Pipelines are declared with PipelineConfig and StageConfig.

Example:

# Every non-TP stage must declare `process` explicitly — there is no implicit
# default. Each stage below runs in its own OS process; multiple stages can
# share an OS process by giving them the same `process` value (see
# `Qwen3OmniSpeechColocatedPipelineConfig` for that pattern).
stages = [
    StageConfig(
        name="preprocessing",
        process="preprocessing",
        factory="...create_preprocessing_executor",
        next=["image_encoder", "audio_encoder", "mm_aggregate"],
        project_payload={
            "image_encoder": "...project_preprocessing_to_image_encoder",
            "audio_encoder": "...project_preprocessing_to_audio_encoder",
            "mm_aggregate": "...project_preprocessing_to_mm_aggregate",
        },
    ),
    StageConfig(
        name="mm_aggregate",
        process="mm_aggregate",
        factory="...create_aggregate_executor",
        wait_for=["preprocessing", "image_encoder", "audio_encoder"],
        merge_fn="...merge_for_thinker",
        next="thinker",
    ),
    StageConfig(
        name="thinker",
        process="thinker",
        factory="...create_sglang_thinker_executor_from_config",
        factory_args={"speech_enabled": True},
        gpu=0,
        next=["decode", "talker_ar"],
        stream_to=["talker_ar"],
    ),
    StageConfig(
        name="decode",
        process="decode",
        factory="...create_decode_executor",
        terminal=True,
    ),
    StageConfig(
        name="code2wav",
        process="code2wav",
        factory="...create_code2wav_scheduler",
        gpu=1,
        terminal=True,
    ),
]

`StageConfig` Reference#

Field	Type	Default	Description
`name`	`str`	required	Unique stage identifier.
`factory`	`str`	required	Dotted import path to the stage factory.
`factory_args`	`dict[str, Any]`	`{}`	Explicit arguments forwarded to the factory after runtime overrides and typed runtime fields are merged. Signature-dependent defaults such as `model_path`, `gpu_id`, and `total_gpu_memory_fraction` are not written here during runtime prep; the worker injects them after importing the factory. `gpu_id` is owned by placement and is rejected here (set the device via `gpu` instead).
`next`	`str`, `list[str]`, or `None`	`None`	Static downstream stage or stages for normal result routing.
`terminal`	`bool`	`False`	Marks a stage as terminal; terminal results are sent to the coordinator.
`route_fn`	`str` or `None`	`None`	Dotted function path for request-aware result routing. The function receives `(request_id, stage_output)` and returns a downstream stage name or list of stage names.
`gpu`	`int`, `list[int]`, or `None`	`None`	GPU id for the stage. `None` means CPU placement.
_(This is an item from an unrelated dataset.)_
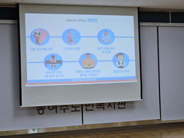 노년기 정신건강에 대해 알아보고 예방관리 교육을 진행했습니다.
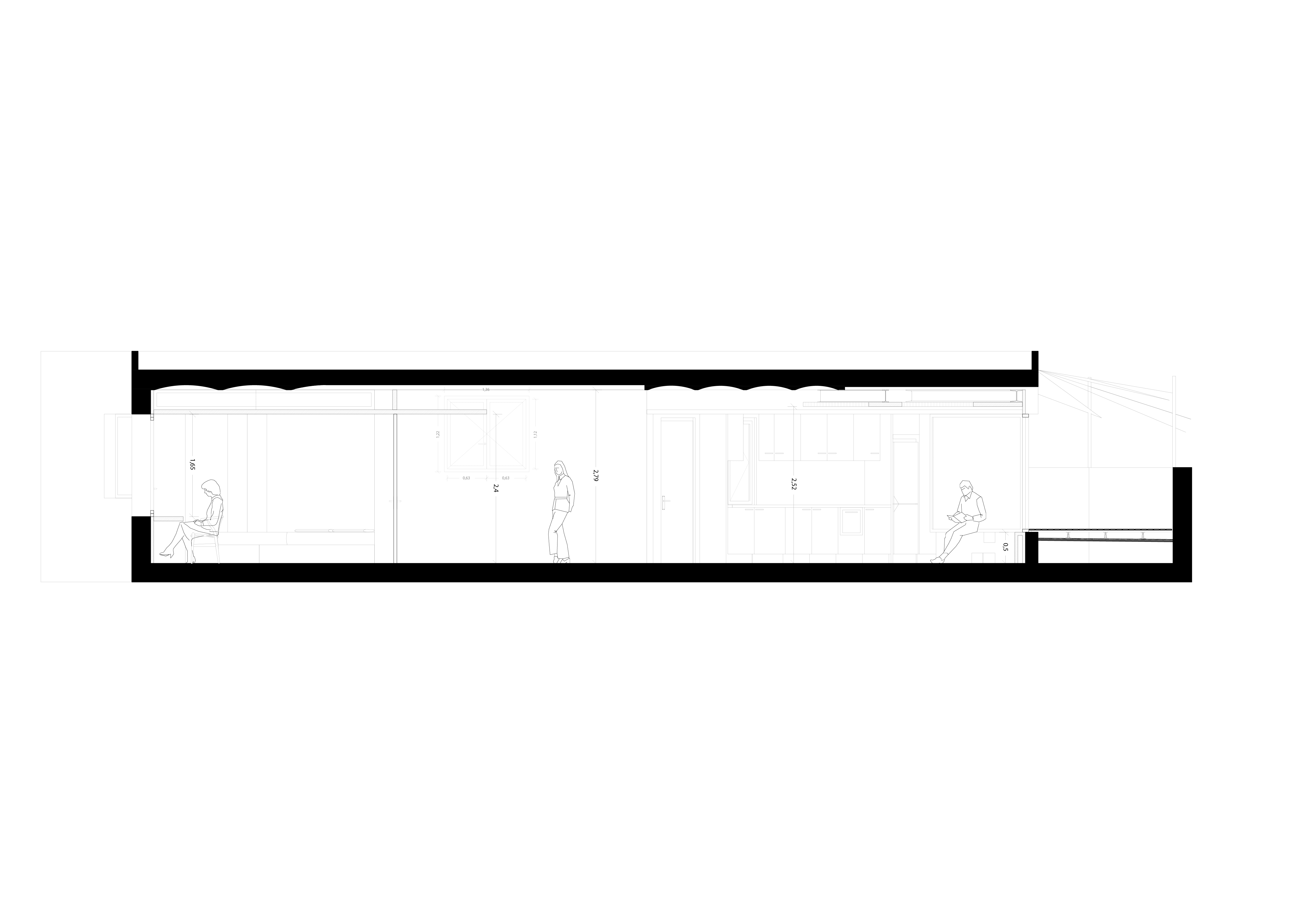 The particular shape of the floor plan, where triangular relationships abound, inspires the main formal idea: the different fixtures (kitchen, washroom, cupboards) will be arranged accentuating the triangulations that will be reinforced through a series of shelves at different levels. On a material note, the ceiling vaults are recovered, establishing a “mirrored” effect with the new ceramic flooring while all the rest is painted with the neutral luminosity of white.

A list is used for tensor parallel ranks.
`tp_size`	`int`	`1`	Number of tensor-parallel ranks. Must match `len(gpu)` when `gpu` is a list.
`process`	`str` or `None`	`None`	OS process group identifier. Non-TP stages with the same `process` value share a single OS process; today every non-TP stage must declare one explicitly (see also `_validate_general`). For TP stages, `process` is optional and acts as a prefix for the derived rank-process names (`{process}_tp{rank}`); if unset, the stage name is used as the prefix.
`wait_for`	`list[str]` or `None`	`None`	Upstream stages required before this stage can execute a request.
`wait_for_fn`	`str` or `None`	`None`	Dotted function path for request-aware fan-in source selection. The function receives `(request_id, from_stage, payload)` and returns the active subset of `wait_for`, or `None` when the payload does not determine the subset yet.
`merge_fn`	`str` or `None`	`None`	Dotted import path to the fan-in merge function. Required when `wait_for` is set.
`stream_to`	`list[str]`	`[]`	Static superset of streaming targets for chunks such as hidden states or codec codes. This is parallel to normal result routing.
`stream_done_to_fn`	`str` or `None`	`None`	Dotted function path for request-aware stream-completion targets. The function receives `(request_id, stage_output)` and returns the active subset of `stream_to` targets that should receive the final done signal.
`project_payload`	`dict[str, str]`	`{}`	Optional target-stage to dotted projection function mapping used before writing a downstream payload.
`comm`	`CommConfig` or `None`	`None`	Per-stage communication pool and Mooncake options. Transport selection is derived by `CommRouter` from locality and placement.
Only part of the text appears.